Kein Bürgerkrieg
von Fayssal
Hourani
Palestine Times, Ramallah 17. Jänner 2007
Die Fatah kann die harten
Fakten nicht schlucken und die Folgen
zugeben. Die führende palästinensische
Fraktion verlor bei einer Wahl, die die
Fatah selbst forderte und an deren
Integrität niemand zweifelte, im
palästinensischen gesetzgebenden Rat seine
Mehrheit. Auch die Hamas konnte die harten
Fakten nicht schlucken – dass die islamische
Bewegung die Mehrheit nur wegen der
besonderen Bedingungen erreichte, die bei
der nächsten Wahl nicht der Fall wären.
Lasst uns in Erinnerung
rufen, was bei der Wahl, die im Januar 2006
stattfand, geschah und untersuchen, wie die
Dinge sich entwickelten. Damals verschaffte
die Unzufriedenheit der Menschen mit dem
Missmanagement und der Korruption der Fatah
der Hamas einen großen Teil der
Wählerstimmen. Jetzt sind dieselben Menschen
unzufrieden mit dem Missmanagement der Hamas
und ihrer Unfähigkeit die grundlegendsten
Bedürfnisse der Bevölkerung zu befriedigen.
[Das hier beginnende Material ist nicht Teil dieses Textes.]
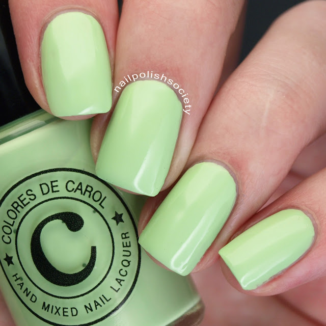 Lillian is a bright lime green. My camera is notorious for not representing greens well. This represents the tone of it well, but it's deeper than my photo shows. This is the last one I had issues with. Again, it was on the thicker side and I had a hard time getting it smooth. This is two coats, shown with top coat.
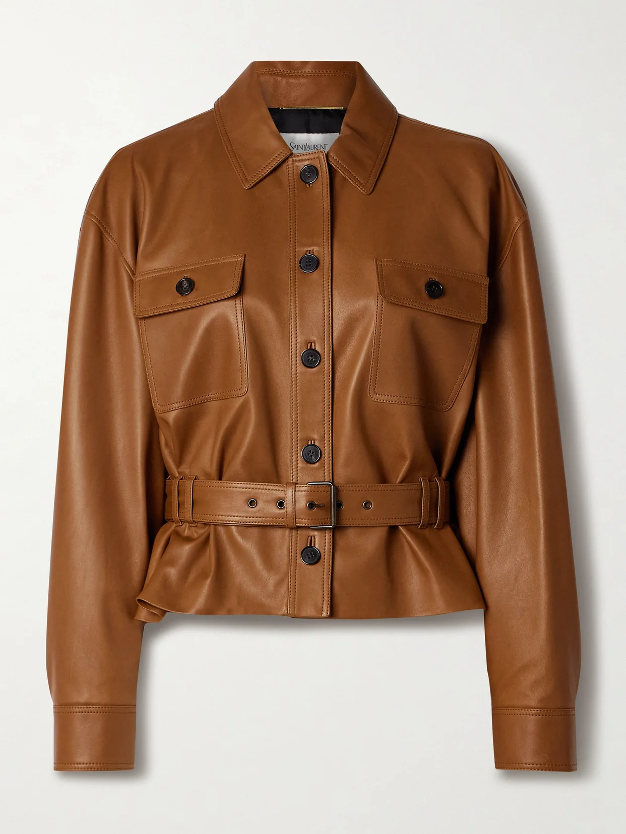 You can always turn to SAINT LAURENT for quality, investment pieces that will elevate any look. This jacket has been made in Italy from buttery soft leather and comes with a matching belt. Style yours fastened all the way or open over a simple tee.

Jene, die getäuscht wurden durch den
Anspruch, dass sie nicht korrumpierbar
seien, stellen fest, wie falsch dieser
Anspruch war. Die Debatten zwischen den
Gegnern, die sich am Vorabend der Wahl
häuften, verschafften der Hamas mehr Wähler.
Diese Debatten haben sich inzwischen
beruhigt und die Fatah-Gegner bei der Wahl
können nicht länger mit dieser Uneinigkeit
rechnen.
Empörung gegen die Fatah
wegen ihrer Beharrlichkeit vergebliche
Verhandlungen mit Israel zu verfolgen hat
sich mit der Empörung gegen die Hamas
verbunden. Den Menschen ist jetzt bewusst,
dass die Hamas die internationale
Legitimität und die Werte der
internationalen Gemeinschaft unterschätzt
hat. Es wird ihnen bewusst, dass diese
Position Israel hilft, die Tür zu einer
Lösung zu verschließen und die Leiden des
palästinensischen Volkes zu vervielfachen.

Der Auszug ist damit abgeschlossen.